** Assignment **
In the data below, find the line containing "A mild tasting", then set down that line and every later line up to and including the line containing "in the apple!", exactly.

** Material supplied **

###

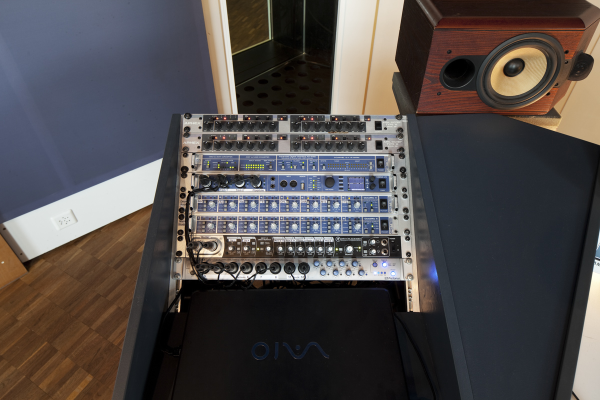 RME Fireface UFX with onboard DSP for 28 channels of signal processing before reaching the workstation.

###

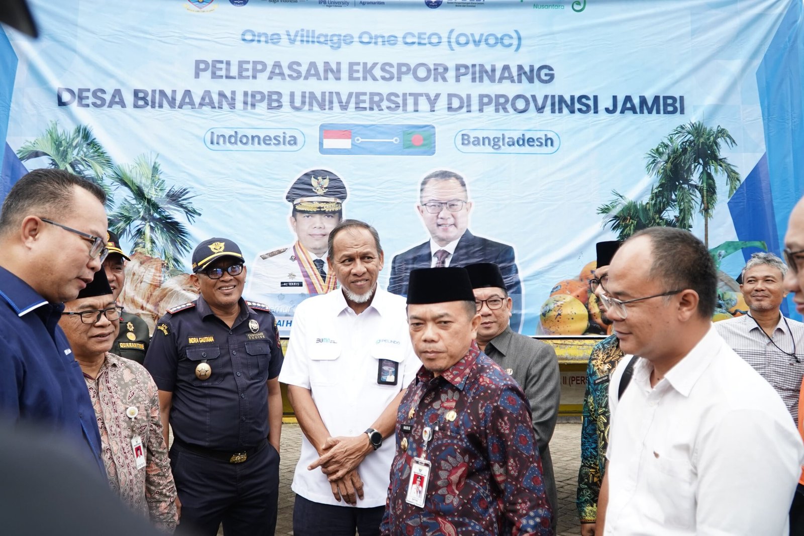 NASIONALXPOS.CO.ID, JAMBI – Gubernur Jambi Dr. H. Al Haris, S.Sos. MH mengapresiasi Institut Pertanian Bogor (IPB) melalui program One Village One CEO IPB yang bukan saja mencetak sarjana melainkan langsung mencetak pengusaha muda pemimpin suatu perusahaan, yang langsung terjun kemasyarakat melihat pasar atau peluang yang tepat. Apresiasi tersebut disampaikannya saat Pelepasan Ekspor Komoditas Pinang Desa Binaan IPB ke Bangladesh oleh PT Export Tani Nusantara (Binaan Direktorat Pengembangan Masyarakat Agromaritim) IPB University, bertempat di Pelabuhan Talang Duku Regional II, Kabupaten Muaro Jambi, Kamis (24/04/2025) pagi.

###

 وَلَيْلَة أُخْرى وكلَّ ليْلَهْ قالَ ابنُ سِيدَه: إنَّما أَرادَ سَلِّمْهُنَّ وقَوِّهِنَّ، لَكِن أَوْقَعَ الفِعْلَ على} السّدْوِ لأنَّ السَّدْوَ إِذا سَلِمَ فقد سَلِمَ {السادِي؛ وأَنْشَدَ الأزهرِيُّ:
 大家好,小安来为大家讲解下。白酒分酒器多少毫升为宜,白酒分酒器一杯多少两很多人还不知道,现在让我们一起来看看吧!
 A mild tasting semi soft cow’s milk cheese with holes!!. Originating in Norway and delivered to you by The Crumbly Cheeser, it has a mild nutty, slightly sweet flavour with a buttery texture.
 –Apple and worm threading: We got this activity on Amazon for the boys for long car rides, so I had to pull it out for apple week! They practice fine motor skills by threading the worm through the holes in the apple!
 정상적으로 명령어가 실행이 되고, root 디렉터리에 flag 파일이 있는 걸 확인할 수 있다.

###

** Written reply **
 A mild tasting semi soft cow’s milk cheese with holes!!. Originating in Norway and delivered to you by The Crumbly Cheeser, it has a mild nutty, slightly sweet flavour with a buttery texture.
 –Apple and worm threading: We got this activity on Amazon for the boys for long car rides, so I had to pull it out for apple week! They practice fine motor skills by threading the worm through the holes in the apple!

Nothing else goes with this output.